**Activity**
In the data below, begin at the line with "11.02.2020 Bei den" and stop after the line with "12月26日上午,学校在荷花"; output those lines exactly and no pictures.

**Raw data**
········

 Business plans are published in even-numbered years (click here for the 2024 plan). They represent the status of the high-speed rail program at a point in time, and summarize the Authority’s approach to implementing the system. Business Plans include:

········

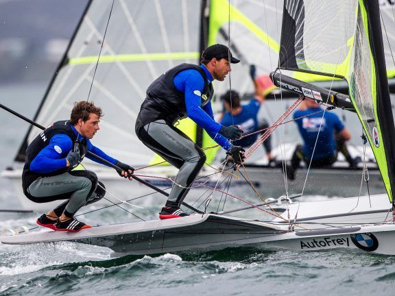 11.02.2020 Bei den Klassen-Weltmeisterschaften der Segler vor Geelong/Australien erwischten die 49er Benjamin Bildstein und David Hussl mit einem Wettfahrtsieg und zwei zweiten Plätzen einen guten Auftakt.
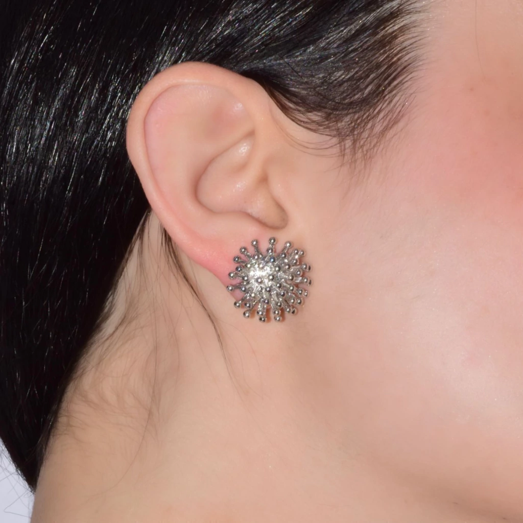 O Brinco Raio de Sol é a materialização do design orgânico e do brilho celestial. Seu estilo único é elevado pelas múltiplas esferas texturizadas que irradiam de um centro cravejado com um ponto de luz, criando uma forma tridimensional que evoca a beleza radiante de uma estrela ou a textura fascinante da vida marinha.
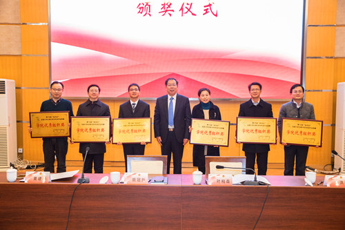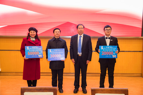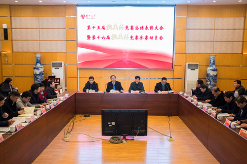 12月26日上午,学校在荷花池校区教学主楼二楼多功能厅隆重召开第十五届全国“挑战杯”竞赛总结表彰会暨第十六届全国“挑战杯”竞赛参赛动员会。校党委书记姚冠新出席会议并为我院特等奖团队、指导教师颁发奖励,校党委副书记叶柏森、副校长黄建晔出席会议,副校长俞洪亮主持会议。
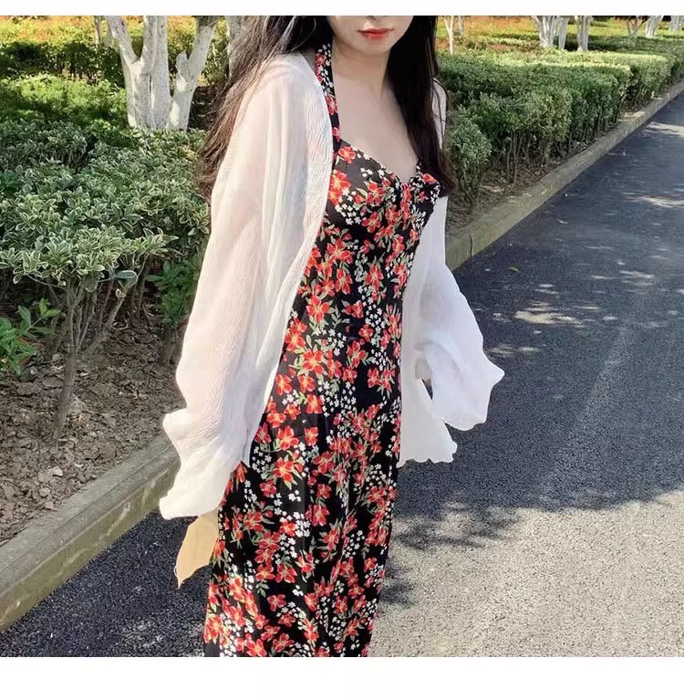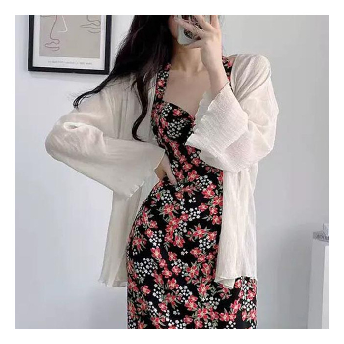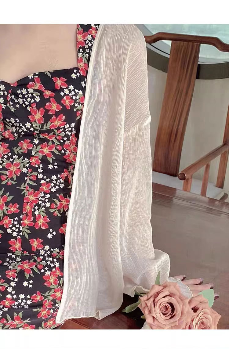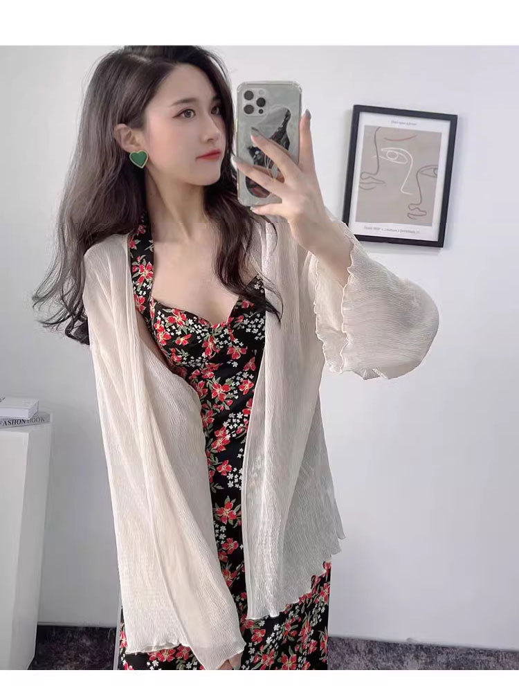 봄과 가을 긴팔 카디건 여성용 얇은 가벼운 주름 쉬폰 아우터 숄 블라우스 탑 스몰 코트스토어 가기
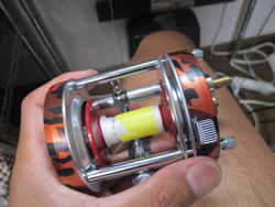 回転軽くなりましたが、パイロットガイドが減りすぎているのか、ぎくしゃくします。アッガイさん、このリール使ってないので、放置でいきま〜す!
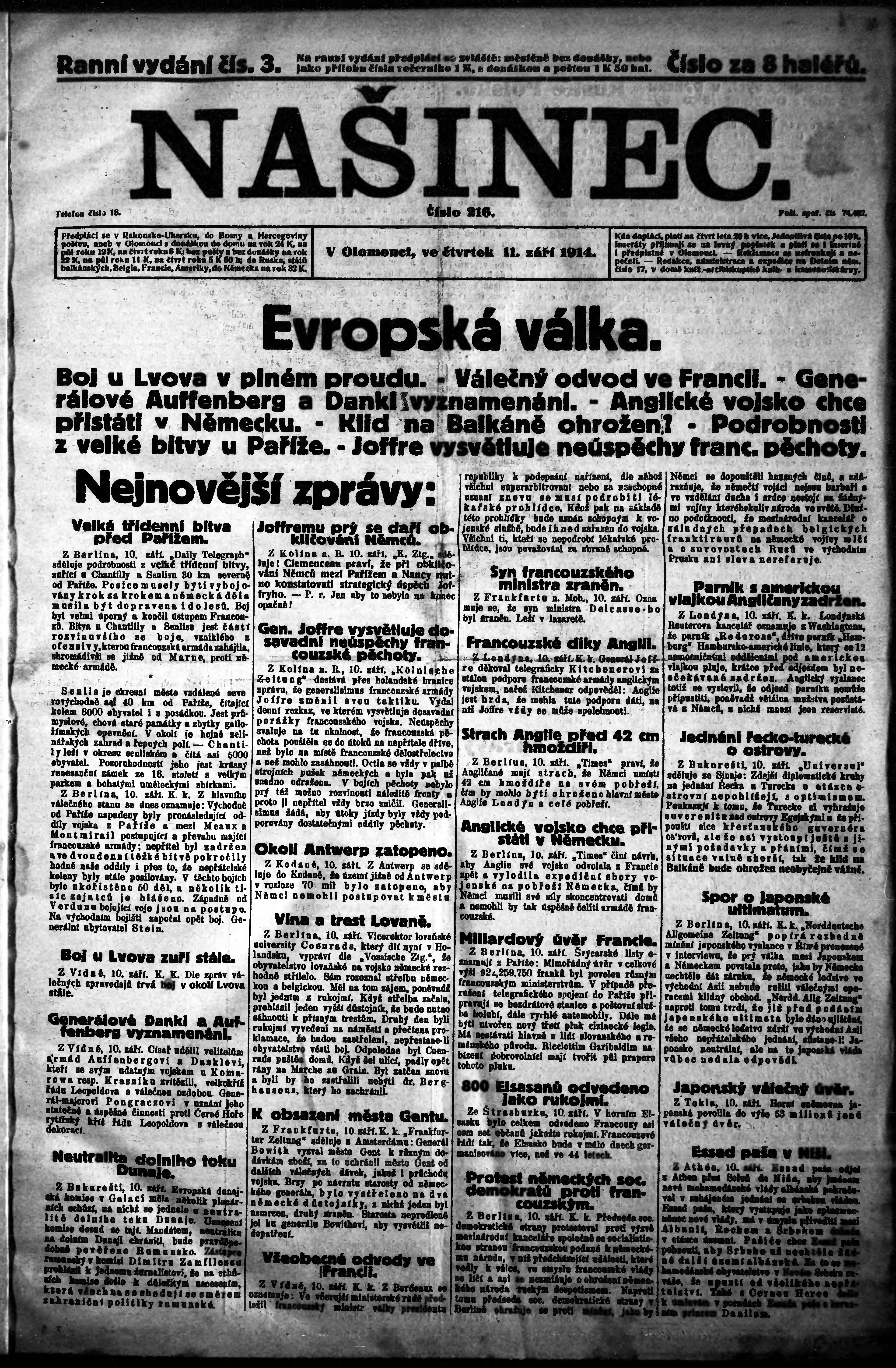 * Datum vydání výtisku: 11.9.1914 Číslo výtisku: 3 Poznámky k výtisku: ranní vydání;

········

**Written response**
 11.02.2020 Bei den Klassen-Weltmeisterschaften der Segler vor Geelong/Australien erwischten die 49er Benjamin Bildstein und David Hussl mit einem Wettfahrtsieg und zwei zweiten Plätzen einen guten Auftakt.
 O Brinco Raio de Sol é a materialização do design orgânico e do brilho celestial. Seu estilo único é elevado pelas múltiplas esferas texturizadas que irradiam de um centro cravejado com um ponto de luz, criando uma forma tridimensional que evoca a beleza radiante de uma estrela ou a textura fascinante da vida marinha.
 12月26日上午,学校在荷花池校区教学主楼二楼多功能厅隆重召开第十五届全国“挑战杯”竞赛总结表彰会暨第十六届全国“挑战杯”竞赛参赛动员会。校党委书记姚冠新出席会议并为我院特等奖团队、指导教师颁发奖励,校党委副书记叶柏森、副校长黄建晔出席会议,副校长俞洪亮主持会议。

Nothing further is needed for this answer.